We pushed through the bodies in the hall, to the stairs leading down to the basement flat. No one wanted to party down there. It was too gloomy and cold and smelled of damp. Maurie shouted above the noise that he was going to find Rachel, and he headed off into the house.

As I turned to go down the stairs a girl caught my arm. She was beautiful, with long, tangled blonde hair and a skirt so short it barely covered her arse. Her eyes were glazed, pupils dark and dilated, her pale pink lipstick blurred around slightly too-full lips.

She pouted at me. ‘Who bust your nose, baby?’

‘Long story,’ I said, and pulled my arm free.

‘Don’t you want to fuck me?’ she called after me as I hurried down the stairs.

‘No!’ I shouted above the melee, without looking back.

And I heard her scream, ‘Well, fuck you, then!’

The sound of the party was muffled in the basement, but it vibrated through the ceiling.

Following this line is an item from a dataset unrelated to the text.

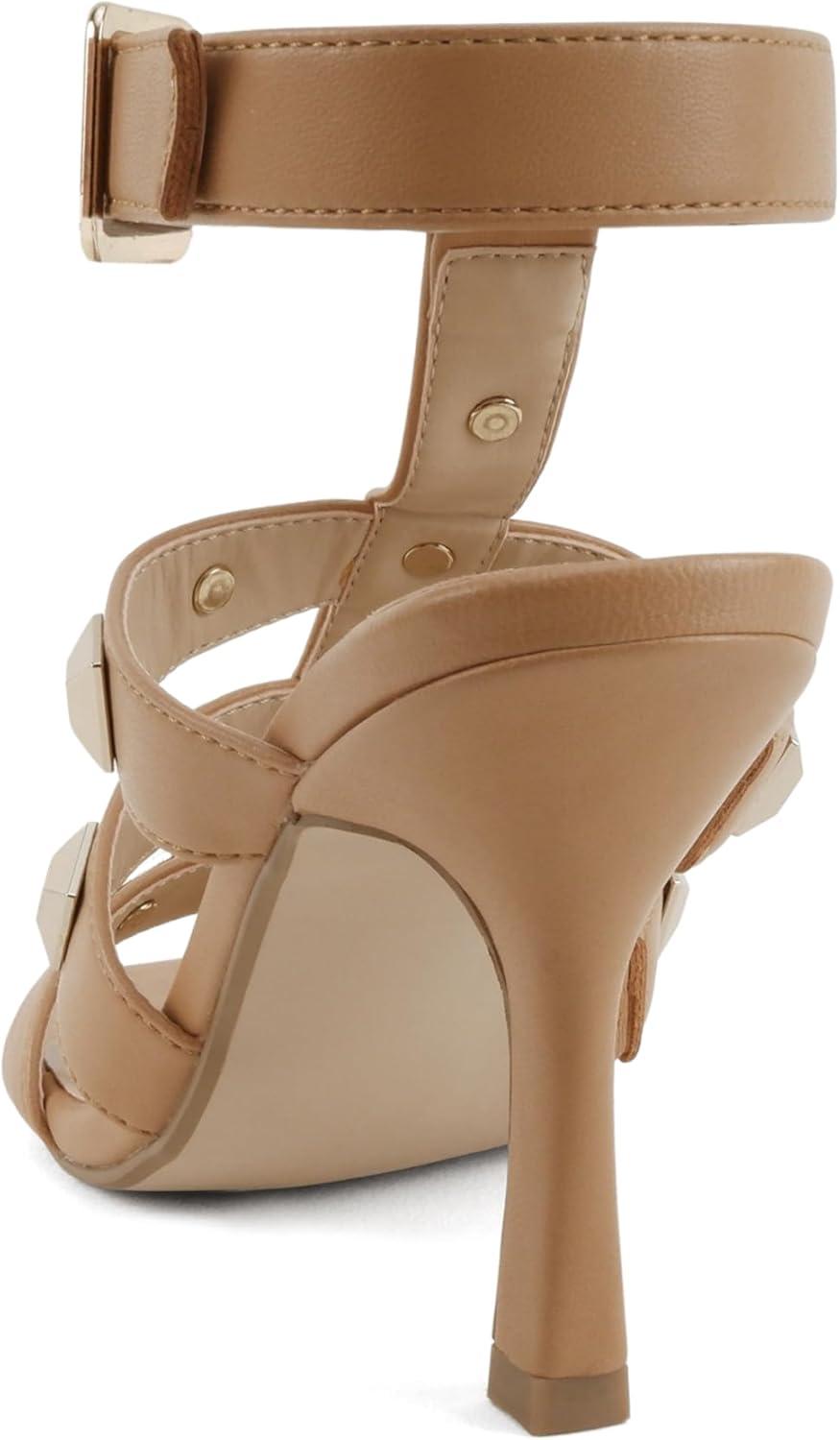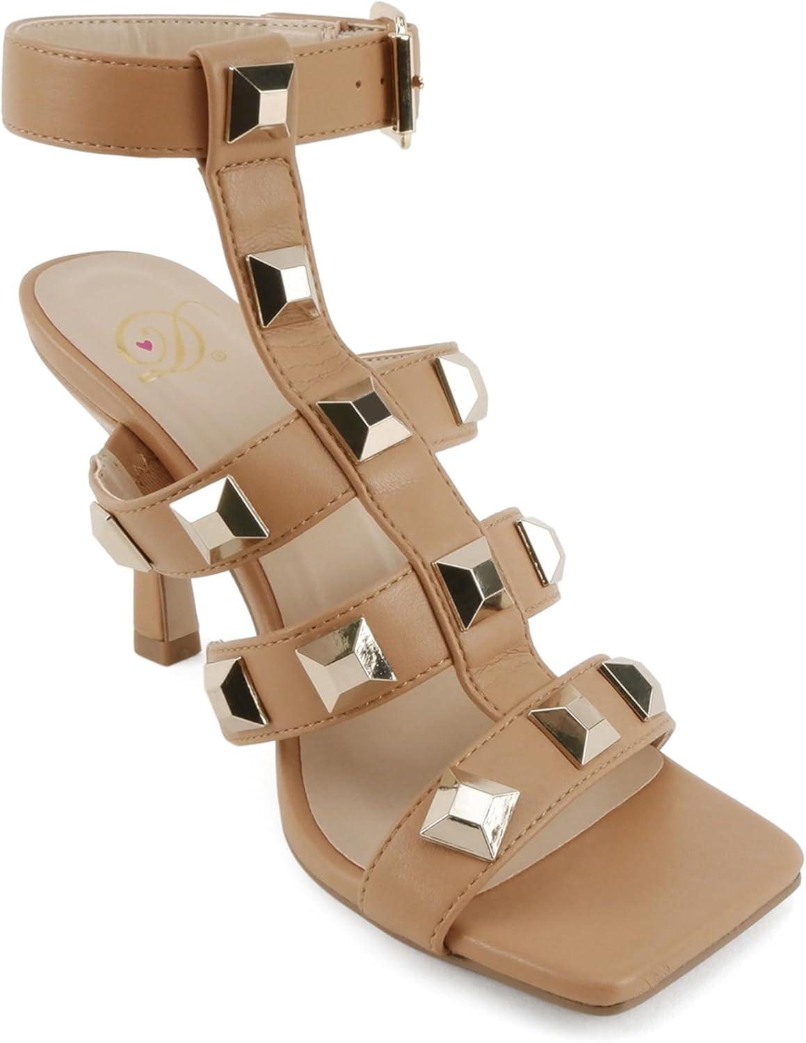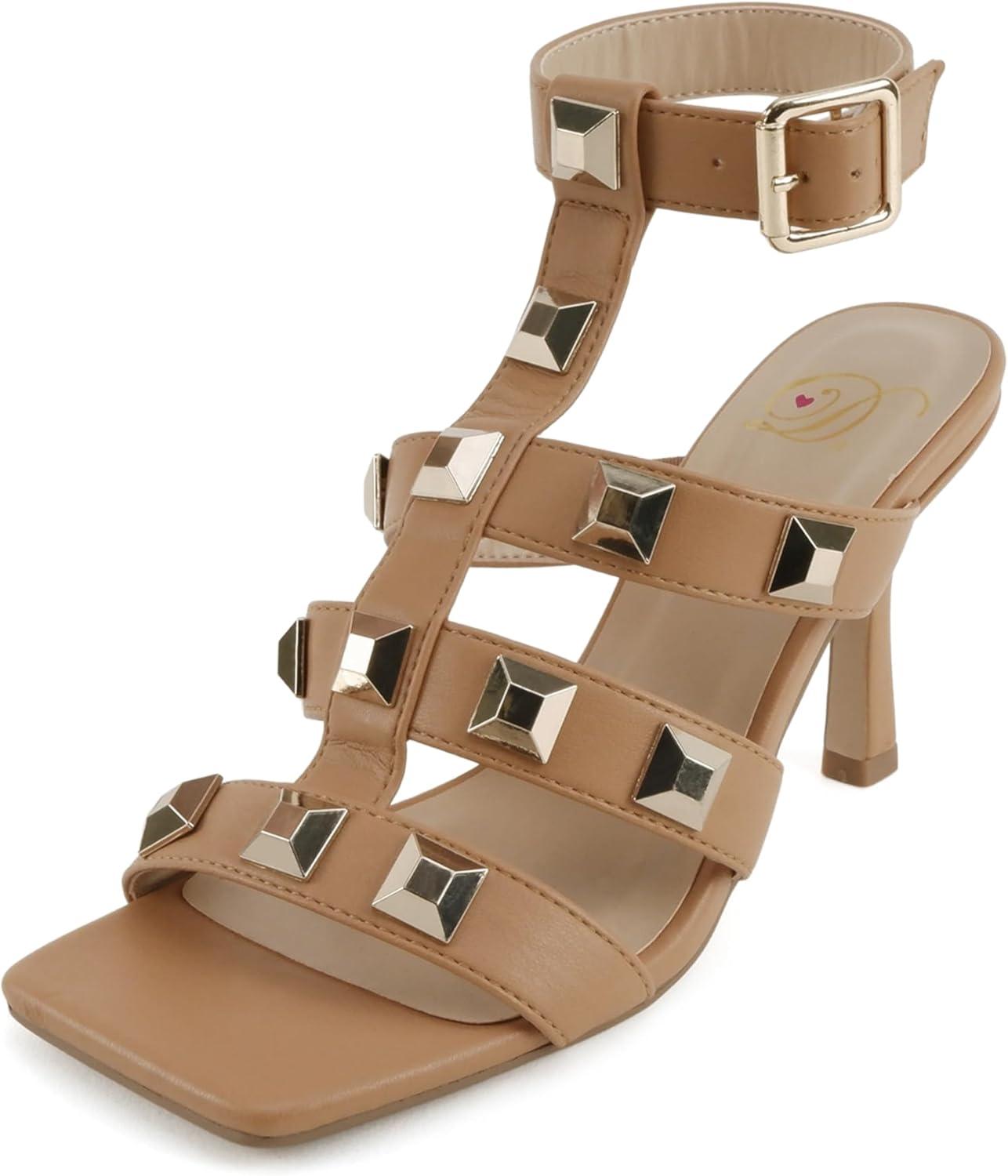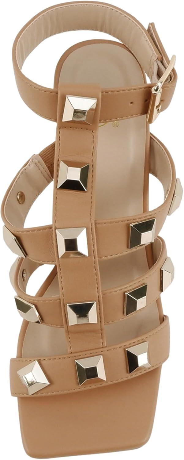 Soda “Upton” ~ Women Square Toe Studded Multi-Strap High Heeled Fisherman Sandals(Camel Pu)

We went off to our separate rooms to gather our things and pack them into the bags we had brought with us. It didn’t take us long, and in five minutes we were gathered in the sitting room waiting for Maurie and wondering if Jeff was even in the house. No one had seen him all day.

It was nearly fifteen minutes of anxious waiting before Maurie appeared with a sullen-looking Rachel clutching a holdall. Black eyeliner was smeared and smudged around her eyes.

‘She’s coming with us,’ he said. ‘All the way.’

But she didn’t look happy, and it was clear she didn’t want to go. Somehow Maurie had persuaded her, and I wondered what it was he’d said.

‘What aboot Jeff?’ Dave asked.

Maurie sighed. ‘Rachel says he’s dancing up on the roof. We’re going to have to go and get him.’

Rachel shrugged. ‘I think you’ll find he doesn’t want to go with you, either. I saw him about half an hour ago. He was high as a kite. He might have dropped a tab.’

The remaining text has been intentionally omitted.